━━ SUPPLIED MATERIAL ━━

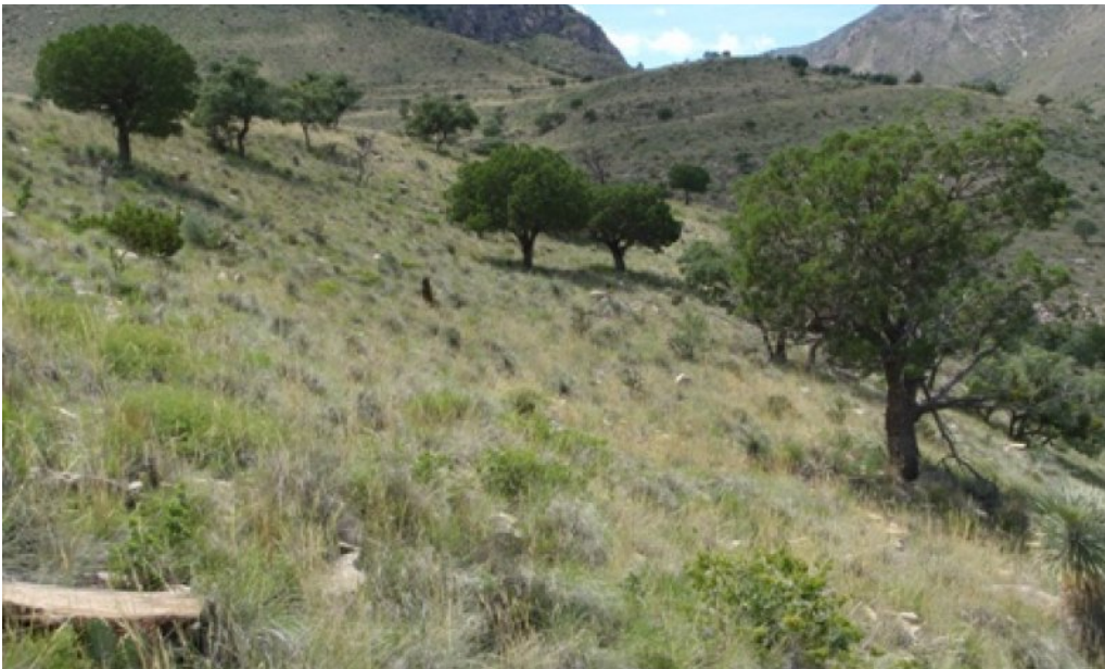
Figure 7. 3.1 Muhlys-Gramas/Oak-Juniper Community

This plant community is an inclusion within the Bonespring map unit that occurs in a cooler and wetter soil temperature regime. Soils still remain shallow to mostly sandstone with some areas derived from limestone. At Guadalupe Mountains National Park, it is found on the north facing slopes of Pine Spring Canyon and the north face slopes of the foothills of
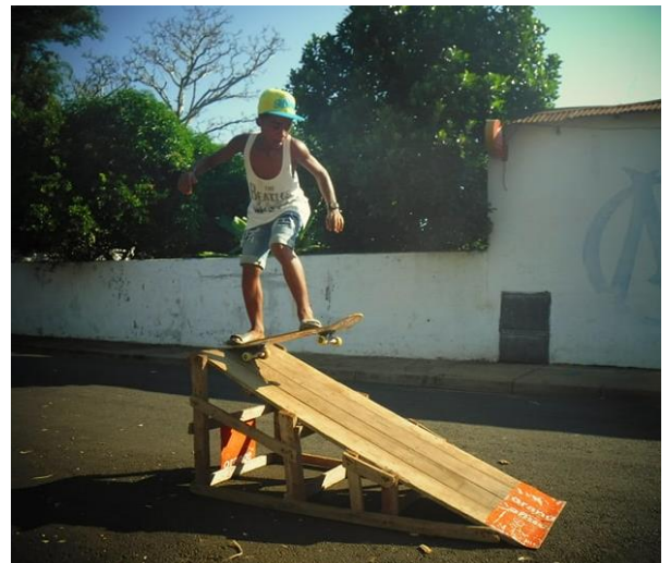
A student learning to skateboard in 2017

━━━

WHAT THE EXERCISE ASKS:
The final stretch of the data, from the line with "This plant community" through its last line, is to be retyped exactly; pictures are not part of the copy.

ANSWER TO THE EXERCISE:
This plant community is an inclusion within the Bonespring map unit that occurs in a cooler and wetter soil temperature regime. Soils still remain shallow to mostly sandstone with some areas derived from limestone. At Guadalupe Mountains National Park, it is found on the north facing slopes of Pine Spring Canyon and the north face slopes of the foothills of
A student learning to skateboard in 2017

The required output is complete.